**Stored data:**
_ _ _ _

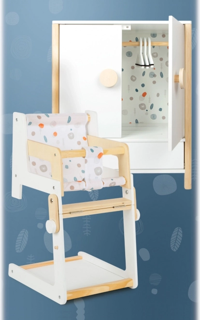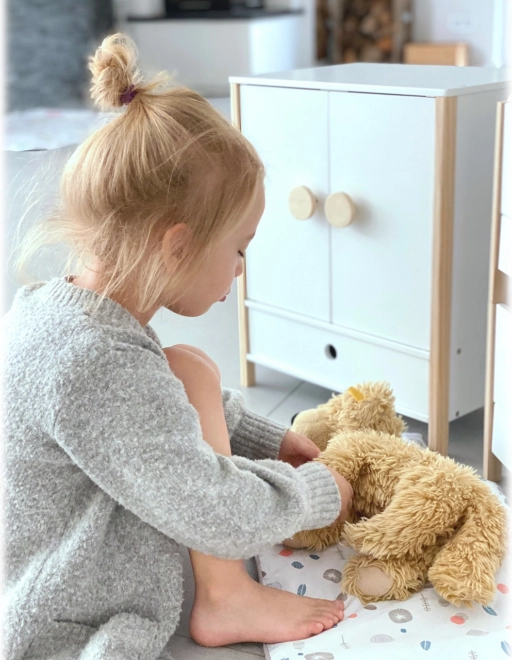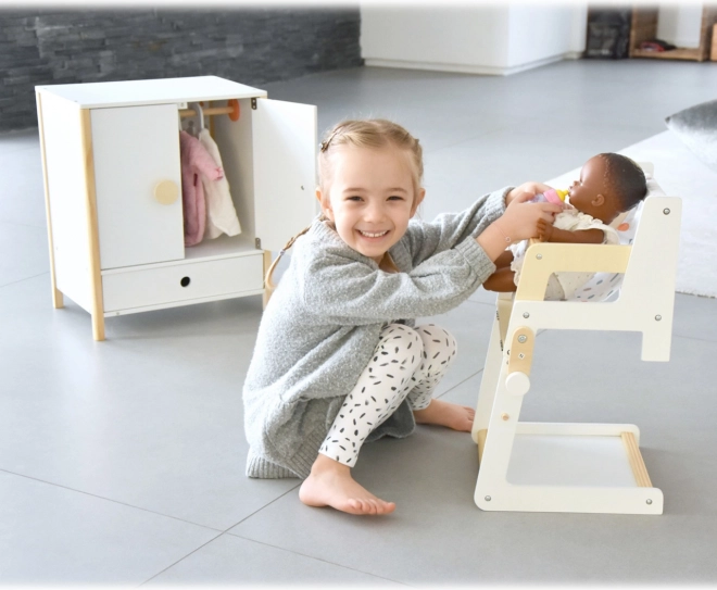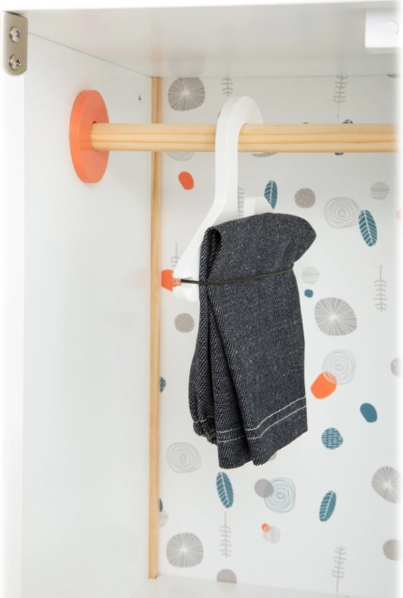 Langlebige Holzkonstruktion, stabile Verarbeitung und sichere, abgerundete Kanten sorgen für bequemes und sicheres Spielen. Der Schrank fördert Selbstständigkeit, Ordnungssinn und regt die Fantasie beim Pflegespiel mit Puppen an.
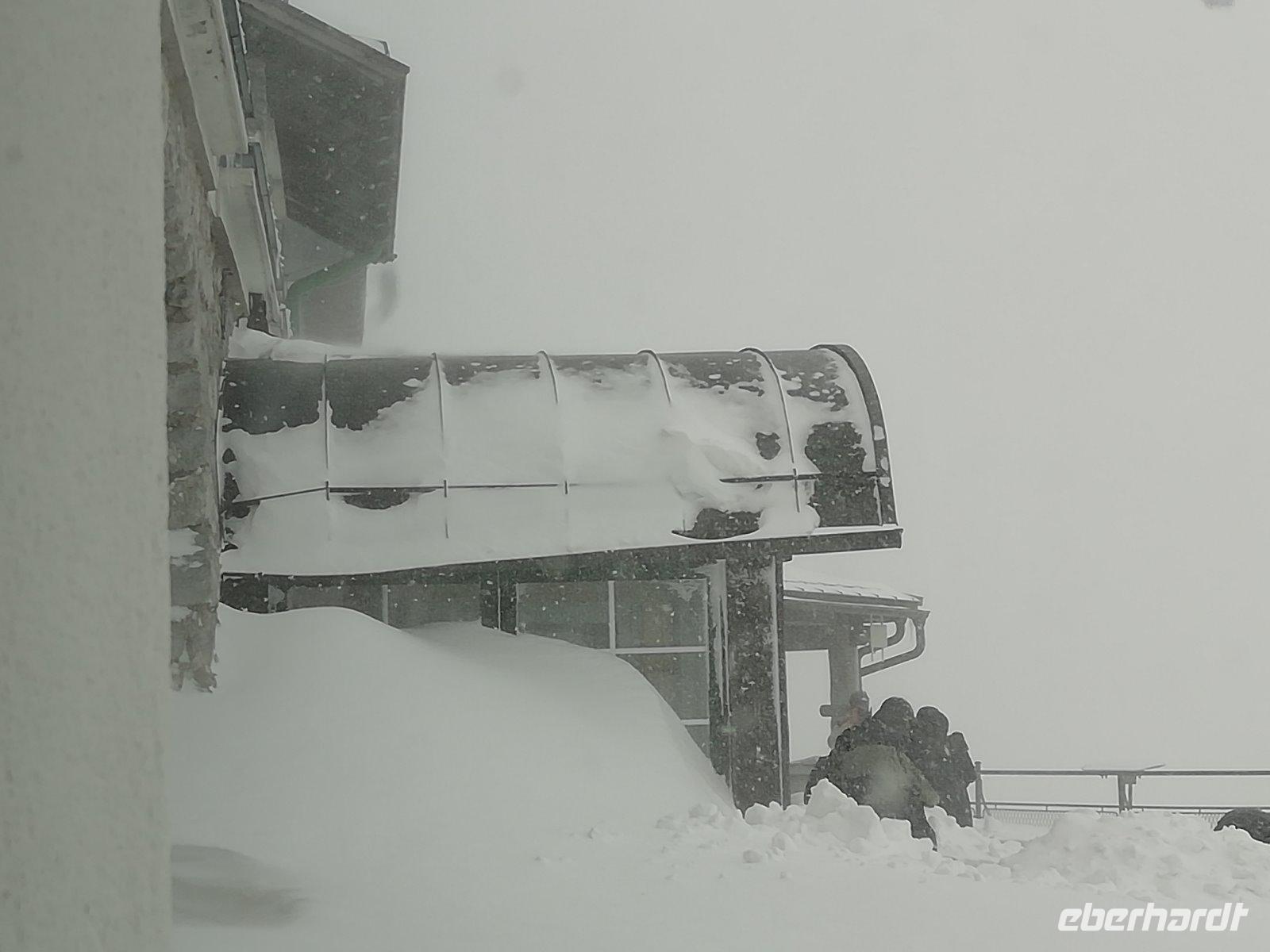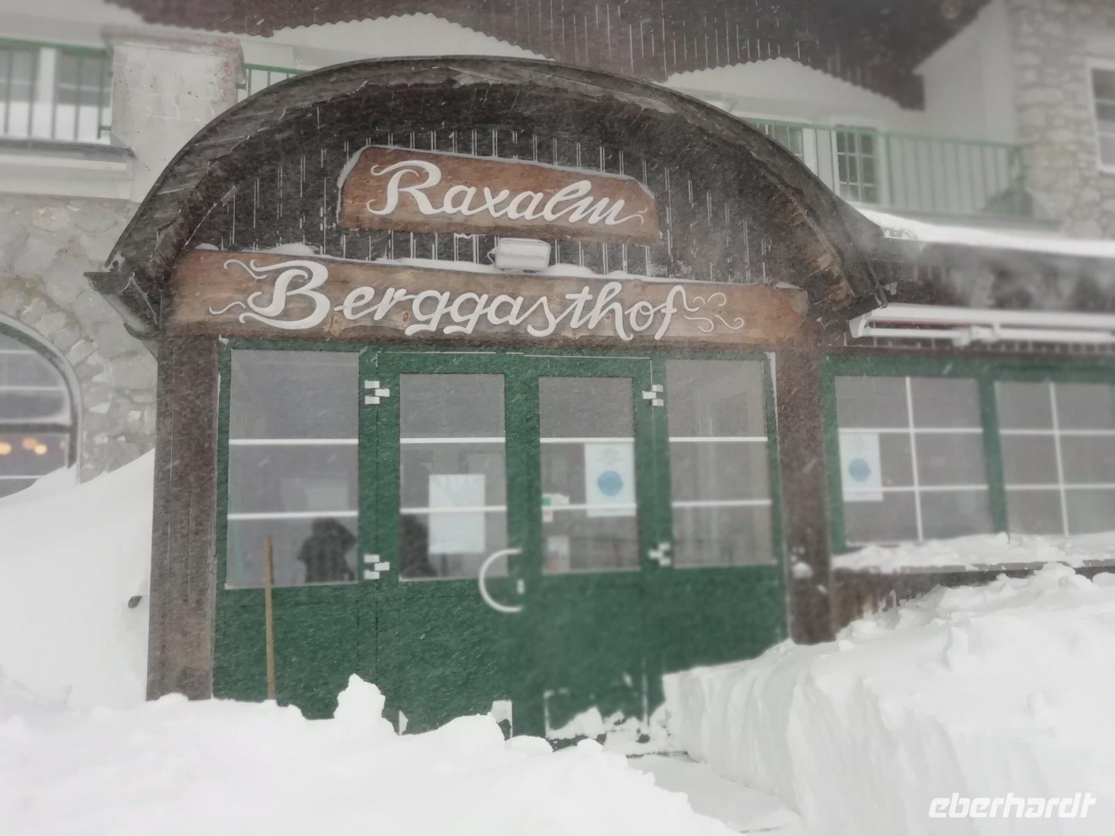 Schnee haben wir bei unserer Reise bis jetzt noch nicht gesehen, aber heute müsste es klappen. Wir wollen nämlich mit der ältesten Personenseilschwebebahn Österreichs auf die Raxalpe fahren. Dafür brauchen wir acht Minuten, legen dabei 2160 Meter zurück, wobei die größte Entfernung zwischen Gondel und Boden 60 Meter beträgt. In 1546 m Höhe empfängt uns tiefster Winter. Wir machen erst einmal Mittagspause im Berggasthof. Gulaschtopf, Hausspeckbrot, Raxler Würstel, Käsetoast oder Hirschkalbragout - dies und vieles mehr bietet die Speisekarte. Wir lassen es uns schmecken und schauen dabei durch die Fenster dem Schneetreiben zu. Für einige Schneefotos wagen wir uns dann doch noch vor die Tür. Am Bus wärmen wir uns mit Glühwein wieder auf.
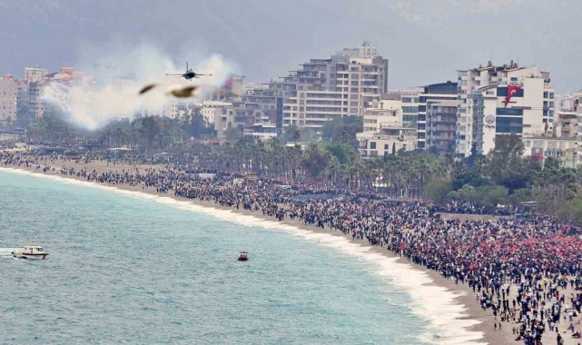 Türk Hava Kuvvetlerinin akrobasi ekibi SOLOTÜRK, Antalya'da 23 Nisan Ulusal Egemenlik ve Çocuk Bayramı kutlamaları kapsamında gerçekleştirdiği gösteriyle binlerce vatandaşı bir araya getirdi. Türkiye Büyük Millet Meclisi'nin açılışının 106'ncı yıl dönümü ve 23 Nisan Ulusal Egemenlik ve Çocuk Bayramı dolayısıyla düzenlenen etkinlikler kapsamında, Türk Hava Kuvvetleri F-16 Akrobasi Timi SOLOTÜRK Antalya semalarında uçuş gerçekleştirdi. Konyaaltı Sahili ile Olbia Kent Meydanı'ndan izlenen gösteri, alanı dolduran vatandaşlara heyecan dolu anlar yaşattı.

_ _ _ _

**What to do:** Because the copy must hold no pictures, return only the lines that run from the line containing "Schnee haben wir" to the end of the data above, each exactly as it stands.

**Solution for this exercise:**
 Schnee haben wir bei unserer Reise bis jetzt noch nicht gesehen, aber heute müsste es klappen. Wir wollen nämlich mit der ältesten Personenseilschwebebahn Österreichs auf die Raxalpe fahren. Dafür brauchen wir acht Minuten, legen dabei 2160 Meter zurück, wobei die größte Entfernung zwischen Gondel und Boden 60 Meter beträgt. In 1546 m Höhe empfängt uns tiefster Winter. Wir machen erst einmal Mittagspause im Berggasthof. Gulaschtopf, Hausspeckbrot, Raxler Würstel, Käsetoast oder Hirschkalbragout - dies und vieles mehr bietet die Speisekarte. Wir lassen es uns schmecken und schauen dabei durch die Fenster dem Schneetreiben zu. Für einige Schneefotos wagen wir uns dann doch noch vor die Tür. Am Bus wärmen wir uns mit Glühwein wieder auf.
 Türk Hava Kuvvetlerinin akrobasi ekibi SOLOTÜRK, Antalya'da 23 Nisan Ulusal Egemenlik ve Çocuk Bayramı kutlamaları kapsamında gerçekleştirdiği gösteriyle binlerce vatandaşı bir araya getirdi. Türkiye Büyük Millet Meclisi'nin açılışının 106'ncı yıl dönümü ve 23 Nisan Ulusal Egemenlik ve Çocuk Bayramı dolayısıyla düzenlenen etkinlikler kapsamında, Türk Hava Kuvvetleri F-16 Akrobasi Timi SOLOTÜRK Antalya semalarında uçuş gerçekleştirdi. Konyaaltı Sahili ile Olbia Kent Meydanı'ndan izlenen gösteri, alanı dolduran vatandaşlara heyecan dolu anlar yaşattı.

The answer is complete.